Chapter Three Response

Frances Yue

One of the things I thought about while reading the chapter was the inside of solids. Slicing a solid does not reveal its interior, rather it makes more outside faces. We can assume that there is an interior, but we can never see it.

As I was reading about the slices, I couldn't help thinking about slicing fruit. When I was little, my mother used to cut fruits and vegetables in different ways to make it more fun and appealing to eat. She would cut either a banana or a cucumber at an angle, then turn it a little and slice again, making very strange shapes. Other times she would cut and oranges at different angles so the pattern of the inside sections would be different. That showed me that slicing the interior can reveal hidden properties like sections which can be seen in different ways. I was hoping to simulate some of these ways of slicing, but I haven't yet figured out the way to bring it in that wouldn't be messy.
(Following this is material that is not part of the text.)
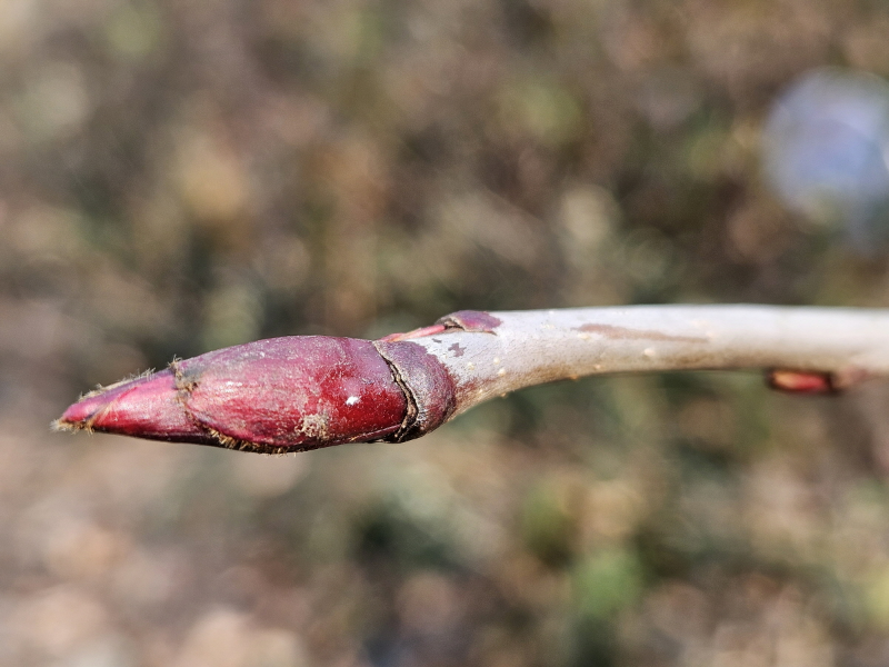 겨울눈: 물방울형이며, 끝이 뾰족하다. 2~4장의 눈비늘조각에 싸여있으며, 겨울눈 표면에 수지 성분이 있어 끈적끈적하다.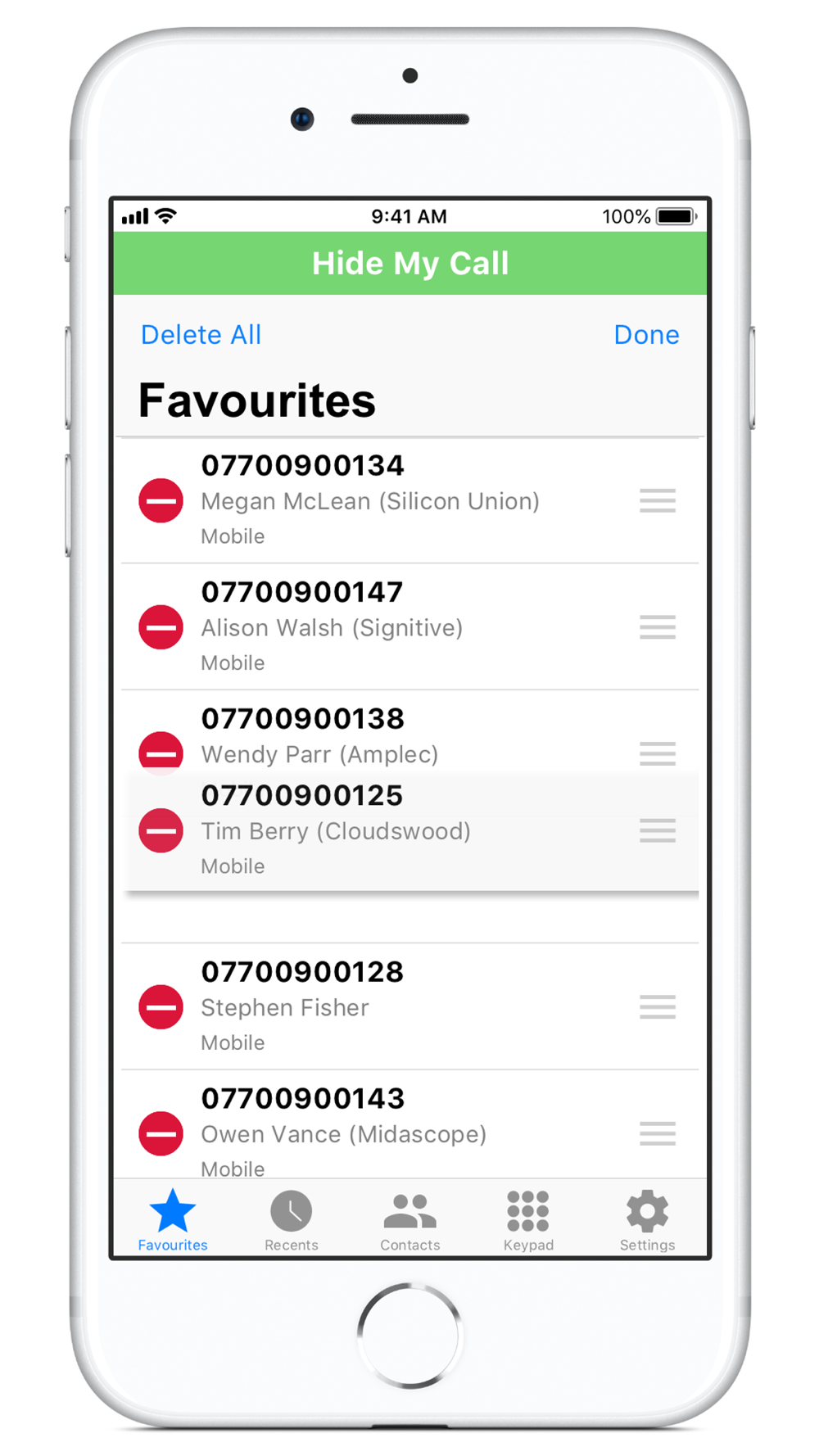 - Set whether the App launches to display your Favourites, Recents, Contacts or Keypad.

A popular belief among artists is that a block of wood or stone actually hides a figure or a form, and the artist's job is to release that form from the external material that surrounds it. I have seen friends who are artists see the suggestion of a wrist and create the form around that point. I think it is a really interesting idea, but I don't know if I agree. I was reminded of something I read in a book, which I think was by Critchlow, called "Order in Space." It was about the interrelationship of different solids in space; how a cube can become a tetrahedron, etc. The book made enough of an impression on me that I would recommend it as a possible resource for this class.